● **Exercise instructions**
Look through the listing below for the line with "Escape deportivo Arrow" and the line with "The armless SM". Copy both, along with every line between them, exactly and with no pictures.

● **Records supplied**
- Opening Delimiter -

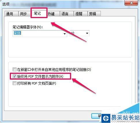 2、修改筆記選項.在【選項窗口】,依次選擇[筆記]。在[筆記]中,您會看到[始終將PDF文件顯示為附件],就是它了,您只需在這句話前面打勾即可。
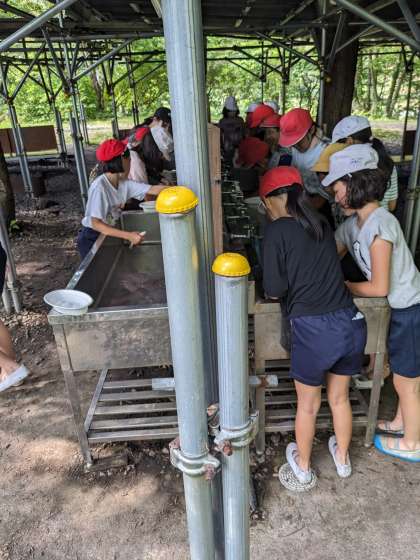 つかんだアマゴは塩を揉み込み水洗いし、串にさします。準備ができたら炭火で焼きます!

- Closing Delimiter -
- Opening Delimiter -

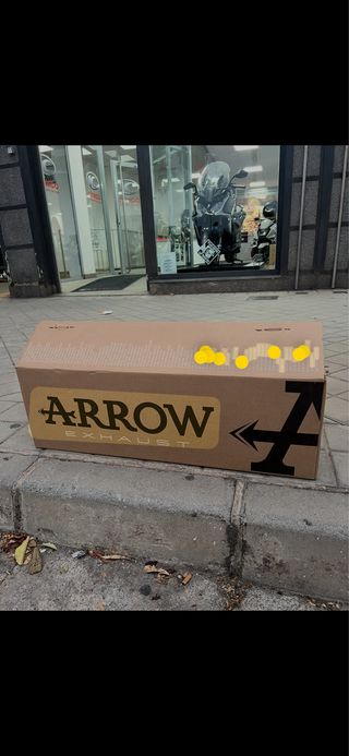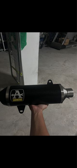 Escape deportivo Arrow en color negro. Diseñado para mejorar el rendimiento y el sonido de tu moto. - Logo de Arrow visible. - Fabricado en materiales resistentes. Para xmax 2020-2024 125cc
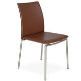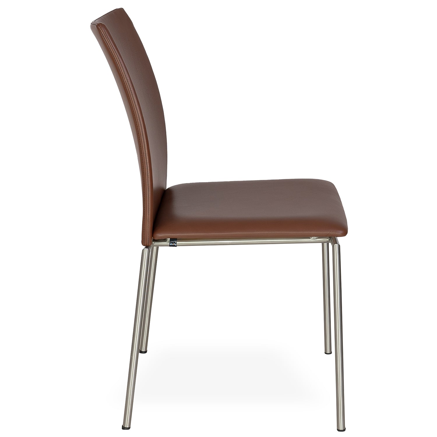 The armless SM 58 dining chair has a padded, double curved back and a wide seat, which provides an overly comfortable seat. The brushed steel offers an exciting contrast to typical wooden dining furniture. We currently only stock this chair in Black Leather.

- Closing Delimiter -

● **Exercise answer**
 Escape deportivo Arrow en color negro. Diseñado para mejorar el rendimiento y el sonido de tu moto. - Logo de Arrow visible. - Fabricado en materiales resistentes. Para xmax 2020-2024 125cc
 The armless SM 58 dining chair has a padded, double curved back and a wide seat, which provides an overly comfortable seat. The brushed steel offers an exciting contrast to typical wooden dining furniture. We currently only stock this chair in Black Leather.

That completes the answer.